Серёжка плюхнул на кровать школьный рюкзак и с досадой поморщился, стараясь не прислушиваться к ругани в соседней комнате, — мать выясняет отношения со своим… Филом! Включили музыку, думают, с улицы их не слышно — слышно, и ещё как, поэтому Серёжка сразу прошмыгнул в свою комнату, чтобы случайно не попасть под раздачу. Плавали, знаем. И ладно ещё, если бы ставили нормальные диски: Джеймса Хэтфилда или Роберта Планта, или на худой конец Бона Скотта, Рамштайн — так нет же, на весь дом выла стариковская слюнявая попса, слушать которую было противно.
Хорошо, что сегодня пятница, основные уроки можно оставить на потом, но доклад по истории Алиса Рудольфовна ждет завтра, иначе в четверти светит плохая оценка, а этого допустить нельзя. Тройка за четверть — это мало того, что позор — будто он самый тупой в классе — но это ещё и тяжелые разборки с матерью, где дело может не обойтись всего лишь устными внушениями. Серёжка великодушно простил бы матери пару оплеух, но непременно влезет Фил, который теперь везде суёт свой нос, а терпеть от него побои было непереносимым оскорблением и несмываемым унижением, над ним и так все во дворе смеются, поэтому никак нельзя допустить снижения оценки за четверть. В грандиозных планах на сегодняшний вечер стояло: написать доклад так, чтобы училка ахнула.

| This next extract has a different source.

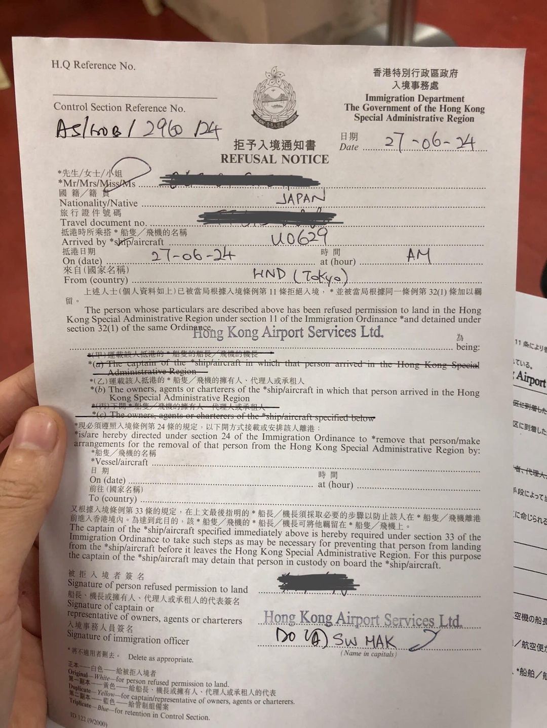 平野雨龍的帖文附上入境處的「拒絕入境通知書」,文件中顯示她由東京飛抵香港,遭香港入境處以《入境條例》第11條拒絕入境,但沒提及具體理由。她在帖文中透露,赴港目的是為了在7月1日去銅鑼灣。因為去年沒有人到現場悼念「七一刺警案」自戕者梁健輝,「所以今年我真的很想去。我想見梁健輝。雖然已經過去了三年,我依然強烈地在想念。」

Вообще-то говоря, Алиса Рудольфовна Серёжке нравилась, и не просто, как умный, интересный преподаватель и собеседник — она нравилась ему, как женщина. Да-да! На уроках истории он украдкой рассматривал ее короткие волосы, крошечные серьги в маленьких ушках, а, делая вид, что внимательно слушает, наблюдал, как двигаются ее губы, намазанные блестящей прозрачной помадой. И одевалась она каждый раз красиво и стильно, и всегда доброжелательно разговаривала, а не презрительно-свысока, как например, Нина Алексеевна, классная руководительница. Ни одна девчонка в школе не годилась историчке в подметки, за исключением, может, двух-трех одноклассниц. Ради Алисы Рудольфовны стоило подготовить интересный доклад о рыцарских турнирах в средневековой Англии с подробным описанием оружия, доспехов, места проведения и правил поединка, а также отношения рыцаря к боевому коню и Прекрасной Даме. Для того, чтобы раскрыть тему со всех сторон, Серёжка специально посетил школьную библиотеку и отобрал несколько книжек про рыцарей. Скажете, анахронизм и пережиток прошлого в ХХI веке тотального интернета готовиться по библиотечным книгам? Ну и говорите себе на здоровье! А что ещё остается делать, если компьютер стоит у матери в комнате, а телефон у Серёжки допотопный, кнопочный, и другой вряд ли купят.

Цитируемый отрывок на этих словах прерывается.